Records contained in a dataset:
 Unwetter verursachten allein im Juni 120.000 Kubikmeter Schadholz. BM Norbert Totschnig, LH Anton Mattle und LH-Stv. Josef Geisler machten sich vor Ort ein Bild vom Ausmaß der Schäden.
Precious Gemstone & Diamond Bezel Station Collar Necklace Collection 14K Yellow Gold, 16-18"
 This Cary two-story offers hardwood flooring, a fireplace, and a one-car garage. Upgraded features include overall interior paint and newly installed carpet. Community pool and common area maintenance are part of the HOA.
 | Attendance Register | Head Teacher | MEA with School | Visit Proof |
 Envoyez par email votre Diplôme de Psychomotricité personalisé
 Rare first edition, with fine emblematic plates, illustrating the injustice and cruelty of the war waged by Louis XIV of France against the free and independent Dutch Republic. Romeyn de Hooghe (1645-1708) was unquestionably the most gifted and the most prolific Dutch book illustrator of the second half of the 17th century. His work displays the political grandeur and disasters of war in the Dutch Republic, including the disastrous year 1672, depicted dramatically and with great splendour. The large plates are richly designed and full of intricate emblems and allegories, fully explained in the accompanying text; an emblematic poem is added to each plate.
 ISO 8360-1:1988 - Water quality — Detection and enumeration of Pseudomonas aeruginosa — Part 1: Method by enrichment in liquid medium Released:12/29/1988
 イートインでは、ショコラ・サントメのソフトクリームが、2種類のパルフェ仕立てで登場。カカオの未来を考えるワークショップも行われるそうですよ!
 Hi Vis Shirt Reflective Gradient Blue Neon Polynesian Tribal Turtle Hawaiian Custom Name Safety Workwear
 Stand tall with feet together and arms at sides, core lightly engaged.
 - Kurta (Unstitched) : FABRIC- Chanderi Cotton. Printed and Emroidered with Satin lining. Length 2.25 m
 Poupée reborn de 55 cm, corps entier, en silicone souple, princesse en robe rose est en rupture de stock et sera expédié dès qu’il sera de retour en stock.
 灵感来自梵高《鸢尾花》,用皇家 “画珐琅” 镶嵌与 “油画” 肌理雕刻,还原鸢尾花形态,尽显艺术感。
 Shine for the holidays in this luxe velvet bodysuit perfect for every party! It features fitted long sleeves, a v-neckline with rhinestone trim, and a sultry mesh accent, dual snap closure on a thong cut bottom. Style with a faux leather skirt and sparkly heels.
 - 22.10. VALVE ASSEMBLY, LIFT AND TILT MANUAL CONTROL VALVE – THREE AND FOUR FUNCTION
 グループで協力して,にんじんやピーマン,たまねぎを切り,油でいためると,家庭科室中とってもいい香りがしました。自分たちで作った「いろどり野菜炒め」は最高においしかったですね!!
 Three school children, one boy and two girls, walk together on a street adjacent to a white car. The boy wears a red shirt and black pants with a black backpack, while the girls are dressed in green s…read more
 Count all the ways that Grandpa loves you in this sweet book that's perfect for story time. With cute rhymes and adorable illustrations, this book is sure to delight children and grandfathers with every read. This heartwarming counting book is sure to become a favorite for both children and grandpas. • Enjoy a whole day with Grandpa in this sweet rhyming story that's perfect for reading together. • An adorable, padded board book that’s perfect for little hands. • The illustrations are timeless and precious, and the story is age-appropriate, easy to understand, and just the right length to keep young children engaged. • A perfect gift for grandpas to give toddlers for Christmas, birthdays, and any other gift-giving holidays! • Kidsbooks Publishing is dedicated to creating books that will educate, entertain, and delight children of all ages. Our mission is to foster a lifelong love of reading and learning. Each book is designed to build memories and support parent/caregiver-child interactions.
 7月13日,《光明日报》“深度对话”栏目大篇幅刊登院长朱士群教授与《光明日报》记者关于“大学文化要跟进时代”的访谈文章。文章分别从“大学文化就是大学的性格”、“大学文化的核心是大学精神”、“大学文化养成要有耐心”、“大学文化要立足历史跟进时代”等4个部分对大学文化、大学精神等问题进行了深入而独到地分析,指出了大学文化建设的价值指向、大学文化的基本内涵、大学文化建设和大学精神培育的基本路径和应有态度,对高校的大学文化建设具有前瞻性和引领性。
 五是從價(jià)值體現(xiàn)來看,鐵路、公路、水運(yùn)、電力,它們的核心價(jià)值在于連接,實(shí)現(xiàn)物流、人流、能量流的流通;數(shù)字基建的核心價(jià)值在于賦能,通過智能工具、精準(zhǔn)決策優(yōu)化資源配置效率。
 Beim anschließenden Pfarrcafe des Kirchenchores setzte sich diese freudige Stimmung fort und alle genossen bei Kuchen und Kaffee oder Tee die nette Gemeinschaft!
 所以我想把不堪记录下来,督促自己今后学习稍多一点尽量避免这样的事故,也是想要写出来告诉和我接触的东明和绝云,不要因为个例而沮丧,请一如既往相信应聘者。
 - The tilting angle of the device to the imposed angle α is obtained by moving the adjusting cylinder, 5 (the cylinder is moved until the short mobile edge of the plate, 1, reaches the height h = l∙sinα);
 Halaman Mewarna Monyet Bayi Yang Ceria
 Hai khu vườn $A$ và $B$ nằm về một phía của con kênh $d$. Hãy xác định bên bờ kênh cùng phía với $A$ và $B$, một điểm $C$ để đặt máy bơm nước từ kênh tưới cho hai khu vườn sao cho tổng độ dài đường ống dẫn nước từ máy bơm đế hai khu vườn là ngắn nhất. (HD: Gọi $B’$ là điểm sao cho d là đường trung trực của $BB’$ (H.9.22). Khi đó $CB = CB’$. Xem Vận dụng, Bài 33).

→ **Directions**: Set down again, word for word, the stretch of records from the line with "- 22.10. VALVE" to the line with "Three school children, one", both of those lines included.

→ **Response to the task**:
 - 22.10. VALVE ASSEMBLY, LIFT AND TILT MANUAL CONTROL VALVE – THREE AND FOUR FUNCTION
 グループで協力して,にんじんやピーマン,たまねぎを切り,油でいためると,家庭科室中とってもいい香りがしました。自分たちで作った「いろどり野菜炒め」は最高においしかったですね!!
 Three school children, one boy and two girls, walk together on a street adjacent to a white car. The boy wears a red shirt and black pants with a black backpack, while the girls are dressed in green s…read more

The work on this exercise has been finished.